▶ [HOW TO COMPLETE THIS TASK]
Reproduce precisely the lines of the listing below, starting with the line that contains "Ceiling Fan, Combined" and stopping after the line that contains "This Blueberry Coffee"; include nothing else.

▶ [PROVIDED RECORDS]
══════════════════════════════

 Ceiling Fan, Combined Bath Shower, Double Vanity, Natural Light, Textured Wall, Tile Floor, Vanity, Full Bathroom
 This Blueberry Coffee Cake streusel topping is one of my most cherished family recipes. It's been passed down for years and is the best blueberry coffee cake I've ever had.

══════════════════════════════

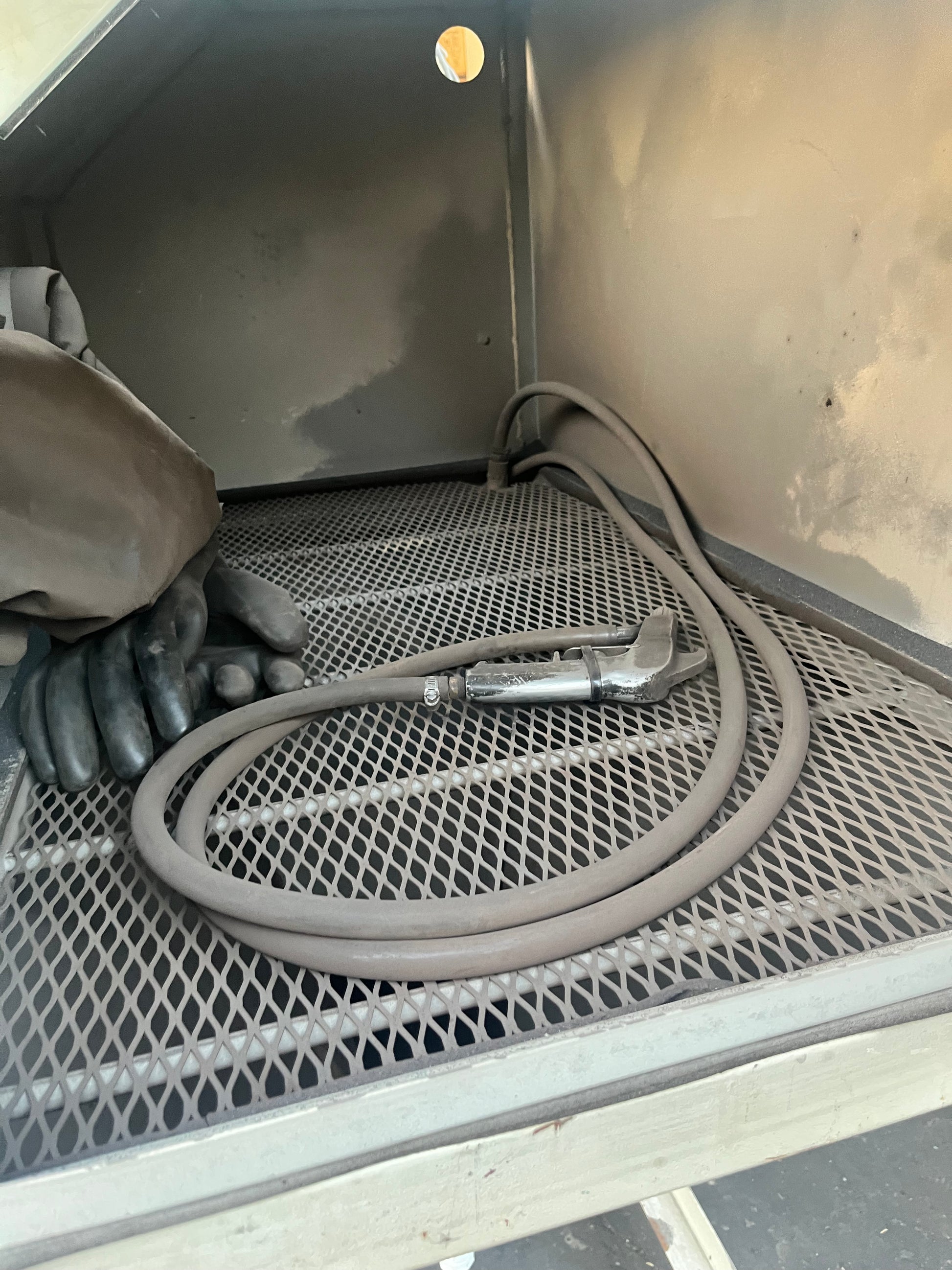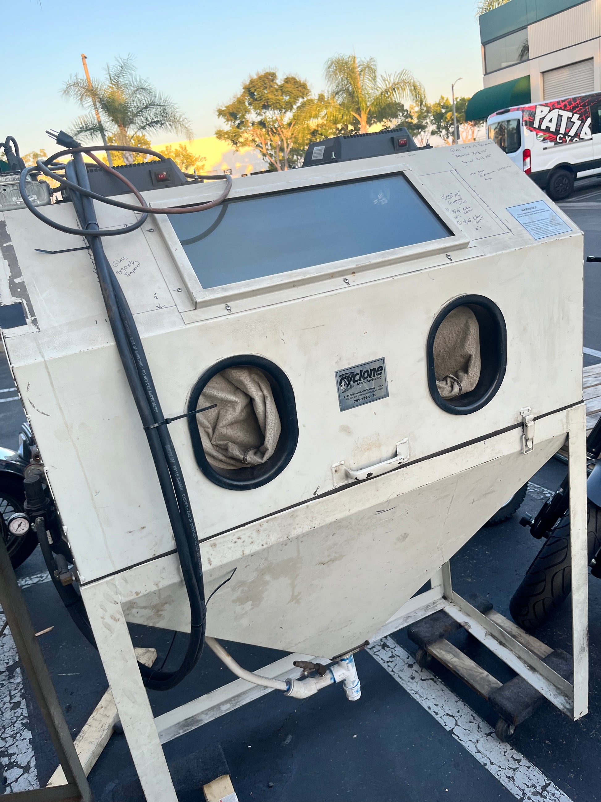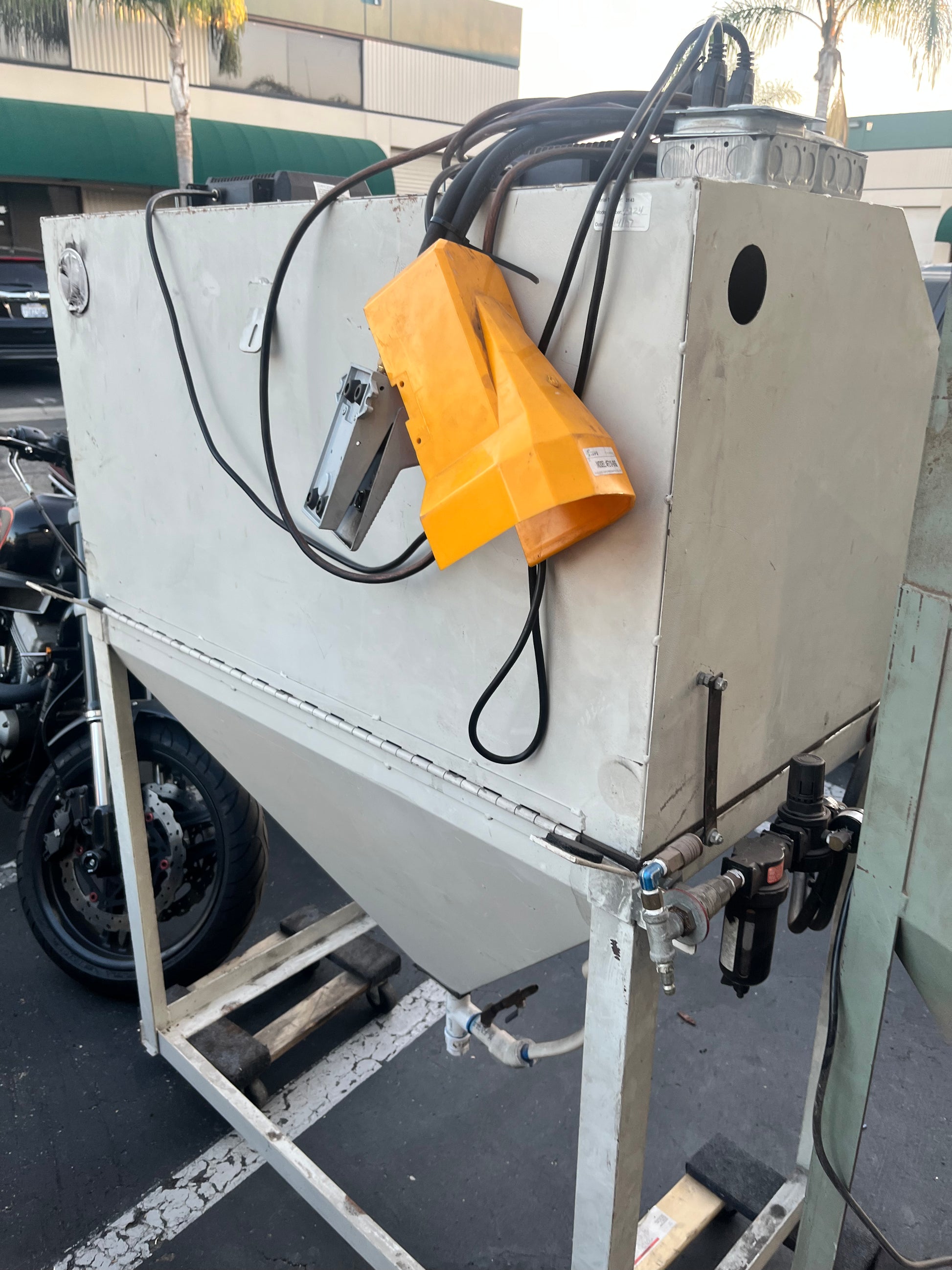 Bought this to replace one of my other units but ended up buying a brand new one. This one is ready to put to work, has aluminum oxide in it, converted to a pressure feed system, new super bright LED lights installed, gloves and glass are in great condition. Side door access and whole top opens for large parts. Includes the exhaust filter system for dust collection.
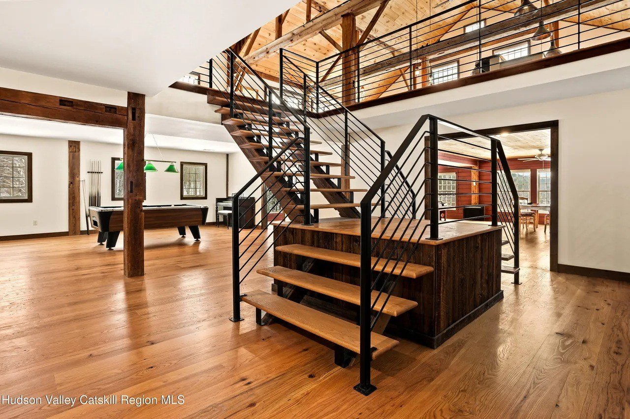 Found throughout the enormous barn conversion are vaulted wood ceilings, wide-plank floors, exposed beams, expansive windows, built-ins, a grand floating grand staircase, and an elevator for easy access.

══════════════════════════════

▶ [TASK OUTPUT]
 Ceiling Fan, Combined Bath Shower, Double Vanity, Natural Light, Textured Wall, Tile Floor, Vanity, Full Bathroom
 This Blueberry Coffee Cake streusel topping is one of my most cherished family recipes. It's been passed down for years and is the best blueberry coffee cake I've ever had.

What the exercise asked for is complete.